(Stored entries)
((
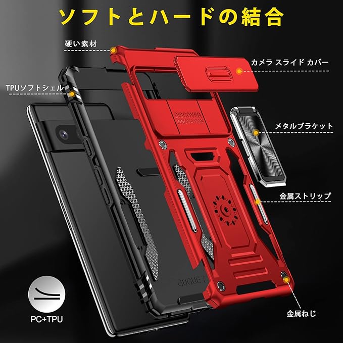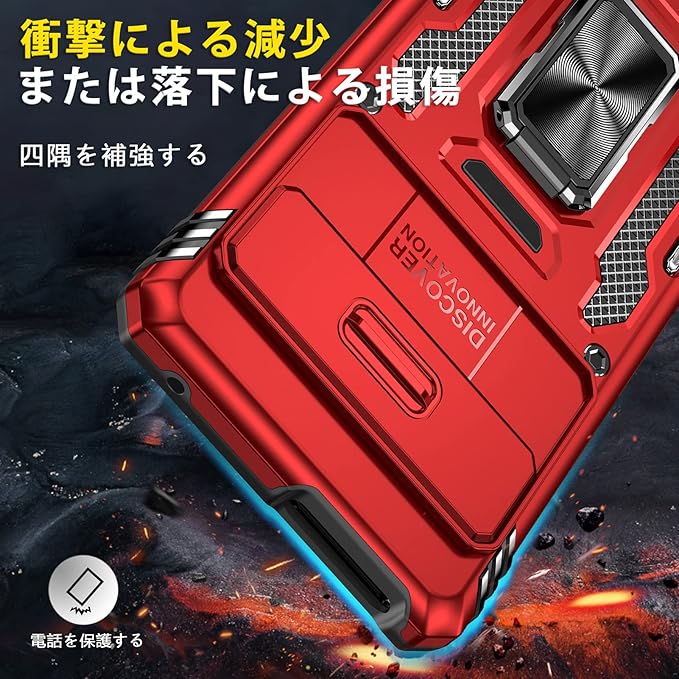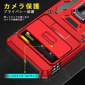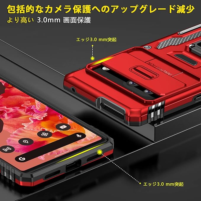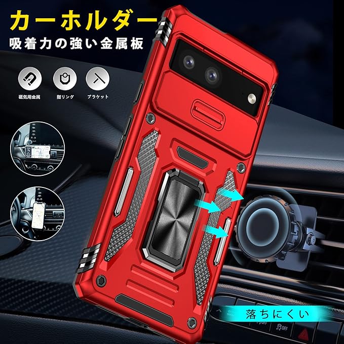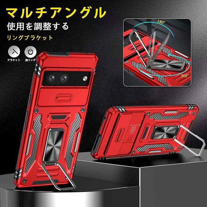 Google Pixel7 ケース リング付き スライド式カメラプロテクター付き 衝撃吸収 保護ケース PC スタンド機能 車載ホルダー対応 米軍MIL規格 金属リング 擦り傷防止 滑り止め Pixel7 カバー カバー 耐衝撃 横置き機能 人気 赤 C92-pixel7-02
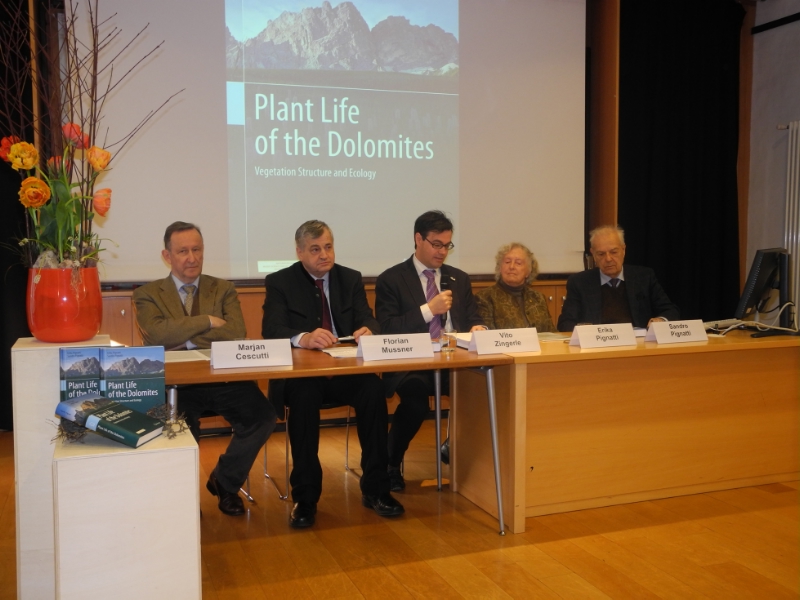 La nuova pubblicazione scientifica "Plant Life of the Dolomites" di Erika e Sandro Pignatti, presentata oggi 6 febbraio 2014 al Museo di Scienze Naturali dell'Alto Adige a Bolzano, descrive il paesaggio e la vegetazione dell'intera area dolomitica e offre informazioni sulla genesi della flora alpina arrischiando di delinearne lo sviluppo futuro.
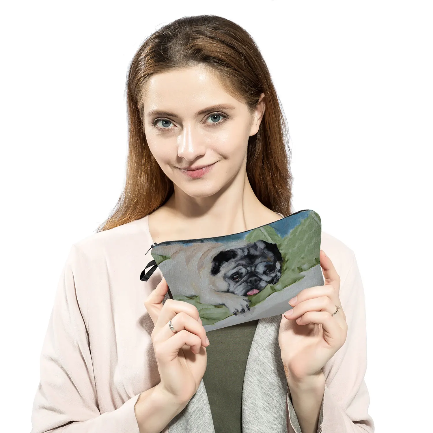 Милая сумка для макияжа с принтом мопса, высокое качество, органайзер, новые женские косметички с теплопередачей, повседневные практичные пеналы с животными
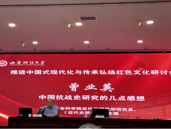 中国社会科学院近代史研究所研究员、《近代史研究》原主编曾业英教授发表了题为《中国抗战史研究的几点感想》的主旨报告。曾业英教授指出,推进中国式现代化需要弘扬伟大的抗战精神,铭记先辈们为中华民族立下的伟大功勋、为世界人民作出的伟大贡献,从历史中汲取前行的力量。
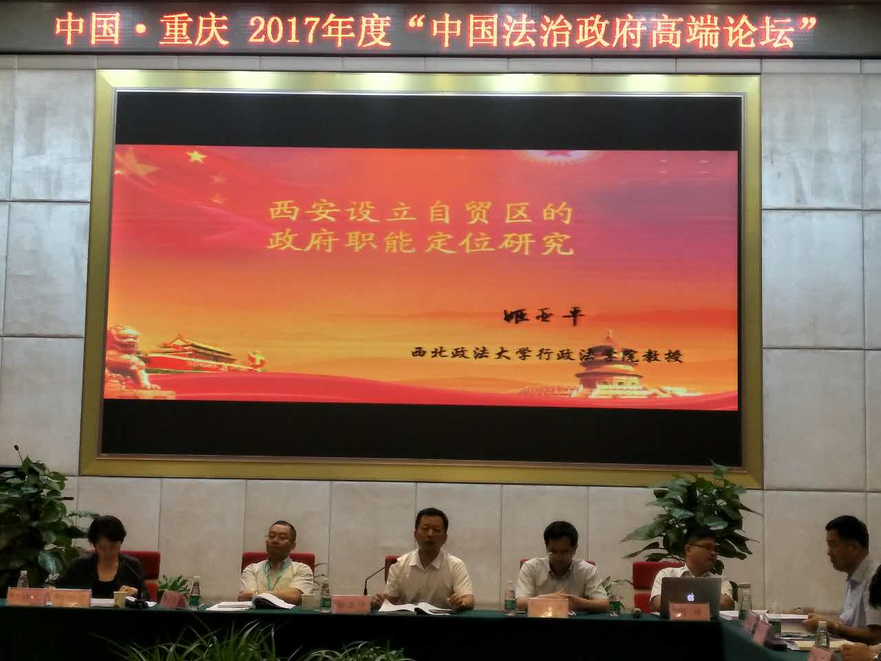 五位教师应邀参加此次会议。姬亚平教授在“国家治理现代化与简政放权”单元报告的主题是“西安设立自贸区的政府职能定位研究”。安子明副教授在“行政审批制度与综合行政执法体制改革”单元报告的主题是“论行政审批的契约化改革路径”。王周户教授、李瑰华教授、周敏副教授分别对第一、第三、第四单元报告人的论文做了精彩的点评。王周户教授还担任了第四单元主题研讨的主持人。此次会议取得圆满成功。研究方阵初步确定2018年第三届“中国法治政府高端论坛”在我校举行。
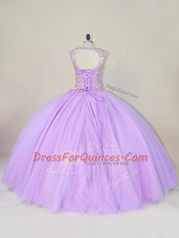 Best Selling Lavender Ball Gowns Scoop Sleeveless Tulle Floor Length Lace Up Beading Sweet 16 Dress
))
Task to complete:
Restate the records above word for word. Skip every picture.

Answer section:
 Google Pixel7 ケース リング付き スライド式カメラプロテクター付き 衝撃吸収 保護ケース PC スタンド機能 車載ホルダー対応 米軍MIL規格 金属リング 擦り傷防止 滑り止め Pixel7 カバー カバー 耐衝撃 横置き機能 人気 赤 C92-pixel7-02
 La nuova pubblicazione scientifica "Plant Life of the Dolomites" di Erika e Sandro Pignatti, presentata oggi 6 febbraio 2014 al Museo di Scienze Naturali dell'Alto Adige a Bolzano, descrive il paesaggio e la vegetazione dell'intera area dolomitica e offre informazioni sulla genesi della flora alpina arrischiando di delinearne lo sviluppo futuro.
 Милая сумка для макияжа с принтом мопса, высокое качество, органайзер, новые женские косметички с теплопередачей, повседневные практичные пеналы с животными
 中国社会科学院近代史研究所研究员、《近代史研究》原主编曾业英教授发表了题为《中国抗战史研究的几点感想》的主旨报告。曾业英教授指出,推进中国式现代化需要弘扬伟大的抗战精神,铭记先辈们为中华民族立下的伟大功勋、为世界人民作出的伟大贡献,从历史中汲取前行的力量。
 五位教师应邀参加此次会议。姬亚平教授在“国家治理现代化与简政放权”单元报告的主题是“西安设立自贸区的政府职能定位研究”。安子明副教授在“行政审批制度与综合行政执法体制改革”单元报告的主题是“论行政审批的契约化改革路径”。王周户教授、李瑰华教授、周敏副教授分别对第一、第三、第四单元报告人的论文做了精彩的点评。王周户教授还担任了第四单元主题研讨的主持人。此次会议取得圆满成功。研究方阵初步确定2018年第三届“中国法治政府高端论坛”在我校举行。
 Best Selling Lavender Ball Gowns Scoop Sleeveless Tulle Floor Length Lace Up Beading Sweet 16 Dress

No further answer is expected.